Kultur in Nettetal : Lottogewinn stürzt alle in einen Abgrund der Gefühle

Mit der französischen Komödie „Nein zum Geld“ eröffnete Nettekultur im Seerosensaal die Theatersaison 2021/2022. Im Stück von Flavia Coste löst ein möglicher Lottogewinn von 162 Euro eine wahre Lawine von Gefühlen aus.

Mit einer pfiffigen und rabenschwarzen Komödie hat die Nettekultur die Theatersaison 2021/22 eröffnet. „Nein zum Geld“ der französischen Autorin Flavia Coste in einer Inszenierung des Renaissance-Theaters Berlin war intelligente Unterhaltung, die das Publikum eine gute Stunde lang fesselte. Ein fabelhaftes Stück, eine wohlkalkulierte Inszenierung, sehr gute Schauspieler und ein beeindruckendes Bühnenbild – beste Voraussetzungen für einen schönen Theaterabend.

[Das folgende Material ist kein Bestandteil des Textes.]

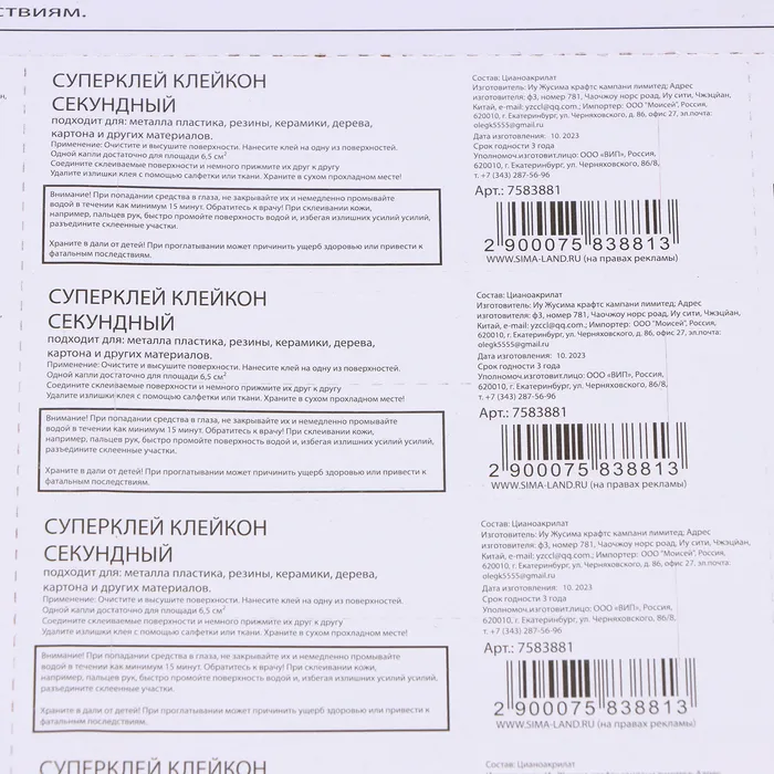 Суперклей «Клейкон», секундный, 1 г, набор 12 шт. — Характеристики

Aus dem Seerosensaal wurde das Publikum in eine Mansardenwohnung in Limoges versetzt. Dort wurde ein Abendessen zu viert vorbereitet. Ein junges Ehepaar, Richard Carré (Boris Aljinovic) und Claire (Janina Stopper), gerade frisch Eltern geworden, hatte eingeladen: Rose (Erika Skrotzki), die Mutter des jungen Vaters, und Etienne (Michael Rotschopf), sein Freund und Geschäftspartner des Architekten, treffen zusammen. Das Bühnenbild von Manfred Gruber versetzt uns in eine klinisch weiße Wohnwelt, in der die großen und kleinen Lebenslügen umso deutlicher seziert werden können. „Nein zum Geld!“ macht schon im Titel neugierig, gerade in einer Welt, in der Geld scheinbar alles bedeutet. Autorin Flavia Coste setzt dabei einen Knalleffekt ein: Aus Sentimentalität gegenüber seinem verstorbenen Vater hat Richard jahrelang Lotto gespielt. Jetzt hat er 162 Millionen gewonnen – und will sie nicht haben, weil er zufrieden mit seinem Leben ist. Die anderen aber wollen das Geld. Am letzten Tag der Gültigkeit des Scheins entbrennt ein heißer Kampf. Zuerst fallen die Masken, alle rechnen miteinander ab. Die Aussicht aufs große Geld bringt die Gefühle durcheinander. Am Ende liegt Richard tot auf dem Boden. Ohne ein Bedauern brechen die anderen zu neuen Ufern auf.